Сгусток проклятой безысходности сжимал горло обитателя комнаты за стеной. Окна были плотно закрыты темными кусками ткани. Стены, неприветливые уставшие монолиты, источали лишь холод. На полу рассыпались книги о психиатрии и магии, словно карты лабиринта разума, в котором бродил юноша.

На старой панцирной кровати лежал он - тень своего прошлого, неоднократно подвергнутая насилию рассудка.

Под его кожей, тонкой и исцарапанной, бурлила жизнь: насекомые, созданные болезненным разумом, сперва карабкались по стенам, словно живые тени, почти осязаемые, но ускользающие от взгляда.

Их путь к нему: окунуться в теплые вены-реки, плыть по вязкому течению, цепляться лапками за проходящие нервы и сухожилия.
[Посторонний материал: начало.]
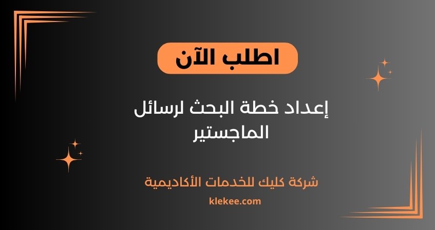 لا تفوت فرصتك في إعداد خطة بحث على أعلى درجة من الكفاءة من خلال شركة كليك للخدمات الأكاديمية حيث تتعاون شركتنا مع أبرز الخبراء والأساتذة المعتمدين من أرقى الجامعات العلمية في تخصصات مختلفة.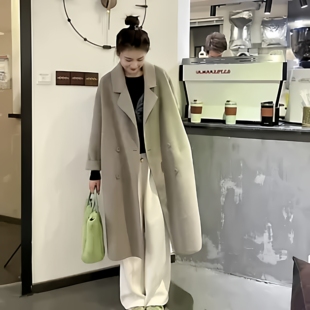 领双排扣呢子风衣外套加厚ins潮流 过膝西装 冬季 毛呢大衣男中长款

Он видел их, ощущал их: скользящих, ползающих, стрекочущих.

Череда галлюцинаций, словно проклятие, наслаивалась на каждую клеточку его существования, заставляла возвращаться в собственный ад раз за разом.

Рывки глазных яблок от точки к точке хотели за что-то зацепиться и остановить их приближение. Они проникали сквозь поры, сквозь мельчайшие трещины. Насекомые, ползающие по плетеным узорам кожи, пришедшие из самых дальних уголков сознания.

Жалящие, кусающие, заставляющие кожу мгновенно покрываться леденящим потом. Это был вечный вальс, где он был партнером своих собственных кошмаров, и каждое движение лапок было шажком в простирающуюся бездну безумия.